Collection entries:

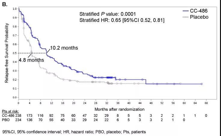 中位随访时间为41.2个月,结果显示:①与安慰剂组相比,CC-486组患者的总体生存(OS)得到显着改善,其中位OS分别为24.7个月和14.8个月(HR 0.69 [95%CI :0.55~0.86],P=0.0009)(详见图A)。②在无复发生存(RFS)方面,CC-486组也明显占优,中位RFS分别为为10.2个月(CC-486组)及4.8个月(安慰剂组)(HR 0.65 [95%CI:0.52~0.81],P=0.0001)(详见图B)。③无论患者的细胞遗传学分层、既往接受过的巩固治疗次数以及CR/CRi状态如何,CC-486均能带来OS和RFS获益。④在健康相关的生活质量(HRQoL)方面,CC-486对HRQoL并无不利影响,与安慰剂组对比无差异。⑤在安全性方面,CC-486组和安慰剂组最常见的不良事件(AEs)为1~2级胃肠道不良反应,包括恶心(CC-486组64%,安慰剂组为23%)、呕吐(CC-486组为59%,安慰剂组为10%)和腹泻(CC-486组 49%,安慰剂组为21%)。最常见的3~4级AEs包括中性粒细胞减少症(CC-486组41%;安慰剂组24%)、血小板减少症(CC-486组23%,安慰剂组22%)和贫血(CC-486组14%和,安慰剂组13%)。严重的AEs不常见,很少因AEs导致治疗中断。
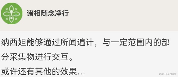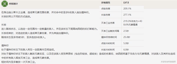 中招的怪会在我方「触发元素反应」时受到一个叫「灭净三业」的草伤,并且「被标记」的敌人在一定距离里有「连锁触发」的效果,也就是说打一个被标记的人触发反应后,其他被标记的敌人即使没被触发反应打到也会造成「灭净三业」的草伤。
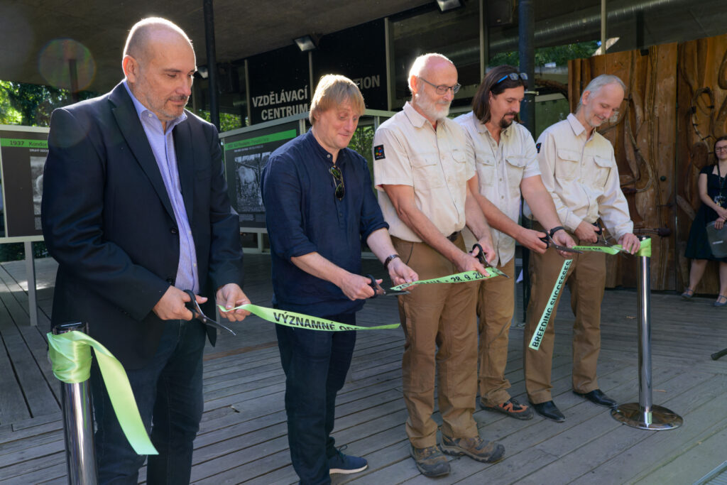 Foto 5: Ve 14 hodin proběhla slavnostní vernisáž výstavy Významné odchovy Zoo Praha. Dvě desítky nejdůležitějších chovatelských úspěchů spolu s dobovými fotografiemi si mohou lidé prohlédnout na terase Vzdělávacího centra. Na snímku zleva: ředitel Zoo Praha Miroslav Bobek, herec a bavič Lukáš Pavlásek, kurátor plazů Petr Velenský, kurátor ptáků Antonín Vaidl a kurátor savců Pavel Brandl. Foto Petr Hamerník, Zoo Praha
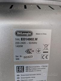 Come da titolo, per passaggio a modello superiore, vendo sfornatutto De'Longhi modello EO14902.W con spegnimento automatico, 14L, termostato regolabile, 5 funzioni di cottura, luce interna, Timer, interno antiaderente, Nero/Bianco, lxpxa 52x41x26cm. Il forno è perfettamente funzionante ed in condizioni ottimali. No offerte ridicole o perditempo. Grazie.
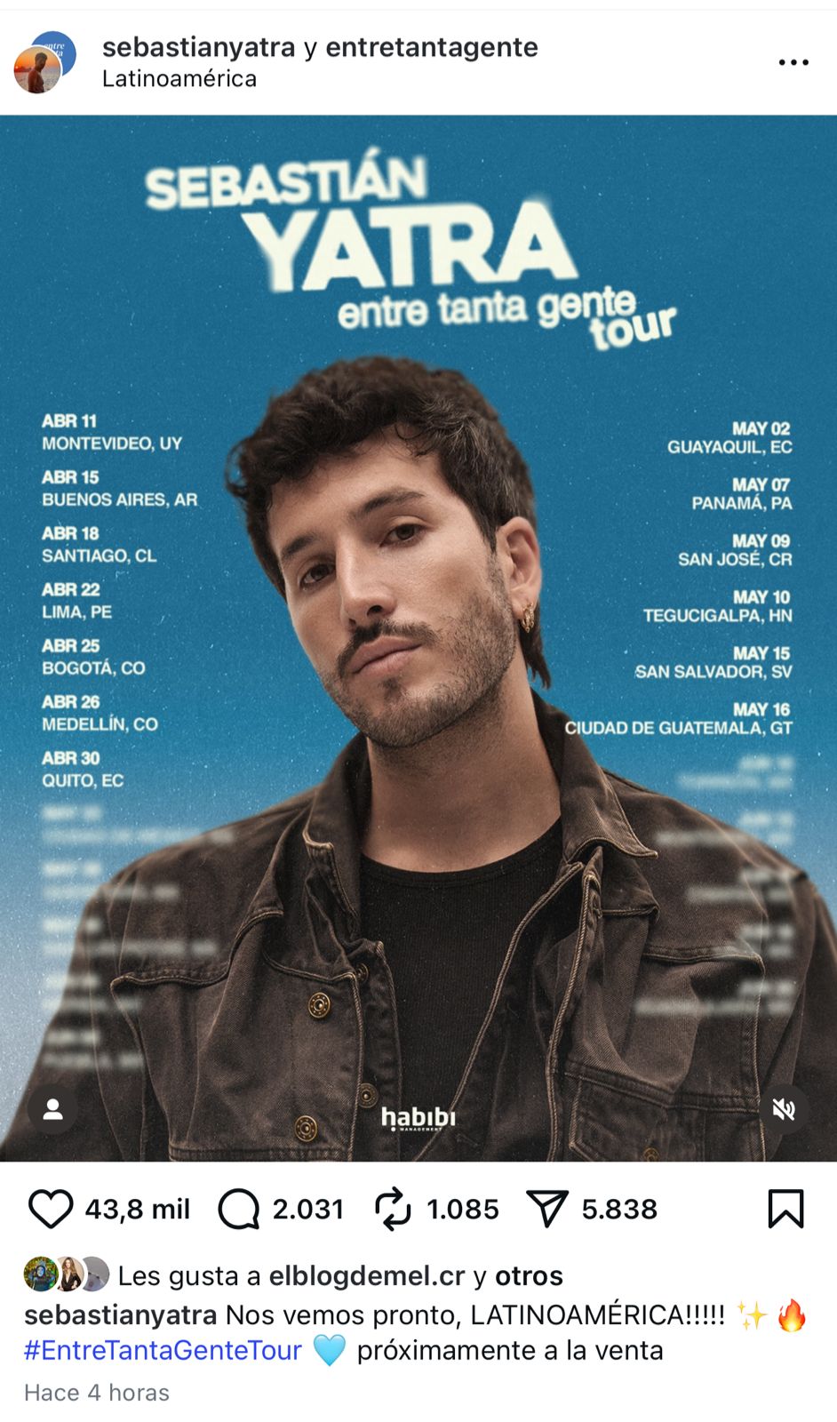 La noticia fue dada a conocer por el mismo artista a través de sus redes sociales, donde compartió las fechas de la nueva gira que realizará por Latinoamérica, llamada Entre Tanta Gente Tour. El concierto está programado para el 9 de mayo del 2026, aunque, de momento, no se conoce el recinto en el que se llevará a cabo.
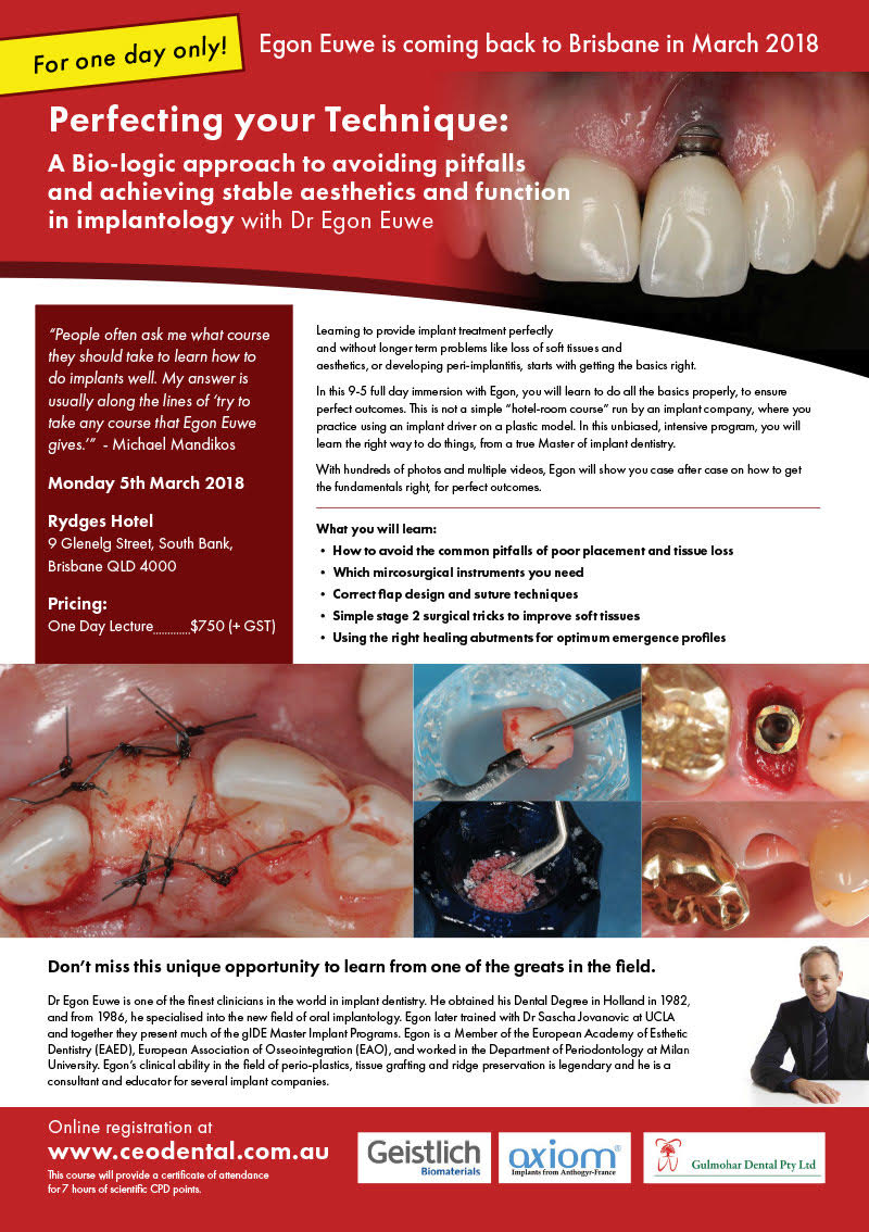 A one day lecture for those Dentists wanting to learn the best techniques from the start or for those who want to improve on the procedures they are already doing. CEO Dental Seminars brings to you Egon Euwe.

**Problem requirements:**
Give all the records again, exactly, without images.

**Solved exercise:**
 中位随访时间为41.2个月,结果显示:①与安慰剂组相比,CC-486组患者的总体生存(OS)得到显着改善,其中位OS分别为24.7个月和14.8个月(HR 0.69 [95%CI :0.55~0.86],P=0.0009)(详见图A)。②在无复发生存(RFS)方面,CC-486组也明显占优,中位RFS分别为为10.2个月(CC-486组)及4.8个月(安慰剂组)(HR 0.65 [95%CI:0.52~0.81],P=0.0001)(详见图B)。③无论患者的细胞遗传学分层、既往接受过的巩固治疗次数以及CR/CRi状态如何,CC-486均能带来OS和RFS获益。④在健康相关的生活质量(HRQoL)方面,CC-486对HRQoL并无不利影响,与安慰剂组对比无差异。⑤在安全性方面,CC-486组和安慰剂组最常见的不良事件(AEs)为1~2级胃肠道不良反应,包括恶心(CC-486组64%,安慰剂组为23%)、呕吐(CC-486组为59%,安慰剂组为10%)和腹泻(CC-486组 49%,安慰剂组为21%)。最常见的3~4级AEs包括中性粒细胞减少症(CC-486组41%;安慰剂组24%)、血小板减少症(CC-486组23%,安慰剂组22%)和贫血(CC-486组14%和,安慰剂组13%)。严重的AEs不常见,很少因AEs导致治疗中断。
 中招的怪会在我方「触发元素反应」时受到一个叫「灭净三业」的草伤,并且「被标记」的敌人在一定距离里有「连锁触发」的效果,也就是说打一个被标记的人触发反应后,其他被标记的敌人即使没被触发反应打到也会造成「灭净三业」的草伤。
 Foto 5: Ve 14 hodin proběhla slavnostní vernisáž výstavy Významné odchovy Zoo Praha. Dvě desítky nejdůležitějších chovatelských úspěchů spolu s dobovými fotografiemi si mohou lidé prohlédnout na terase Vzdělávacího centra. Na snímku zleva: ředitel Zoo Praha Miroslav Bobek, herec a bavič Lukáš Pavlásek, kurátor plazů Petr Velenský, kurátor ptáků Antonín Vaidl a kurátor savců Pavel Brandl. Foto Petr Hamerník, Zoo Praha
 Come da titolo, per passaggio a modello superiore, vendo sfornatutto De'Longhi modello EO14902.W con spegnimento automatico, 14L, termostato regolabile, 5 funzioni di cottura, luce interna, Timer, interno antiaderente, Nero/Bianco, lxpxa 52x41x26cm. Il forno è perfettamente funzionante ed in condizioni ottimali. No offerte ridicole o perditempo. Grazie.
 La noticia fue dada a conocer por el mismo artista a través de sus redes sociales, donde compartió las fechas de la nueva gira que realizará por Latinoamérica, llamada Entre Tanta Gente Tour. El concierto está programado para el 9 de mayo del 2026, aunque, de momento, no se conoce el recinto en el que se llevará a cabo.
 A one day lecture for those Dentists wanting to learn the best techniques from the start or for those who want to improve on the procedures they are already doing. CEO Dental Seminars brings to you Egon Euwe.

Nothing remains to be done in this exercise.